Eighteen brands of security camera digital video recorders (DVRs) are vulnerable to an attack that would allow a hacker to remotely gain control of the devices to watch, copy, delete or alter video streams at will, as well as to use the machines as jumping-off points to access other computers behind a company’s firewall, according to tests by two security researchers. And one of the researchers, security firm Rapid7′s chief security officer H.D. Moore, has discovered that 58,000 of the hackable video boxes, all of which use firmware provided by the Guangdong, China-based firm Ray Sharp, are accessible via the Internet.

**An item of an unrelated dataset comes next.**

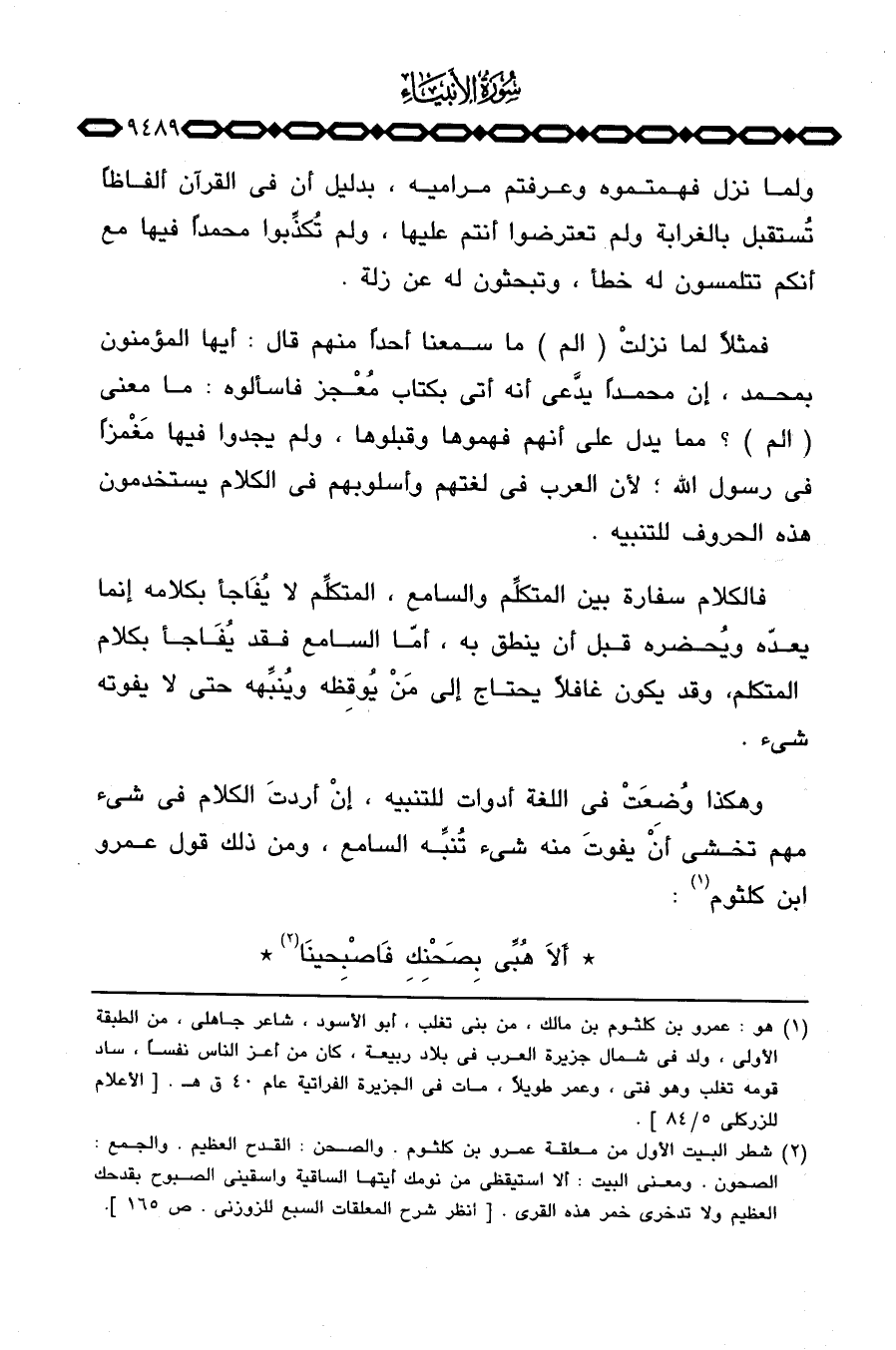 وهكذا وُضِعَتْ في اللغة أدوات للتنبيه، إنْ أردتَ الكلام في شيء مهم تخشى أنْ يفوتَ منه شيء تُنبِّه السامع، ومن ذلك قول عمرو ابن كلثوم:

“The DVR gives you access to all their video, current and archived,” says Moore. “You could look at videos, pause and play, or just turn off the cameras and rob the store.”
“It’s just a boneheaded decision on the part of [Ray Sharp],” says Moore. “Fifty-eight thousand homes and businesses are exposed because of the way these things cut holes in the firewall.”
Not boneheaded. Clever.
By checking the web interfaces of the vulnerable devices and analyzing the Ray Sharp firmware he downloaded from Swann’s website, Moore was able to identify 18 companies that seem to use the faulty code: Swann, Lorex, URMET, KGuard, Defender, DSP Cop, SVAT, Zmodo, BCS, Bolide, EyeForce, Atlantis, Protectron, Greatek, Soyo, Hi-View, Cosmos, and J2000.
hanelyp wrote:Sounds like it you need to have these cameras on a network, put them behind a firewall and use a VPN if you must reach them from outside.
This should be standard practice. No end device should be directly accessible from the internet, it's dangerous and incredibly unsafe. For best security use a SSL based VPN solution like OpenVPN, beats the hell out of L2TP and IPSEC implementations. Properly configured it's not even detectable.
Yeah, this sounds more like a study of sites with poor network security not sites with vulnerable security cameras. A simple rule on the external interface of your firewall(s) that drops incoming packets destined for the cameras removes the vulnerability described.
Right. Poor network security. No firewall; the cameras were installed on open wireless networks.
One could make the same complaints about how there are thousands of hackable wide-open routers out there and not tell the story about how the users just didn't bother to set up WPA or better security.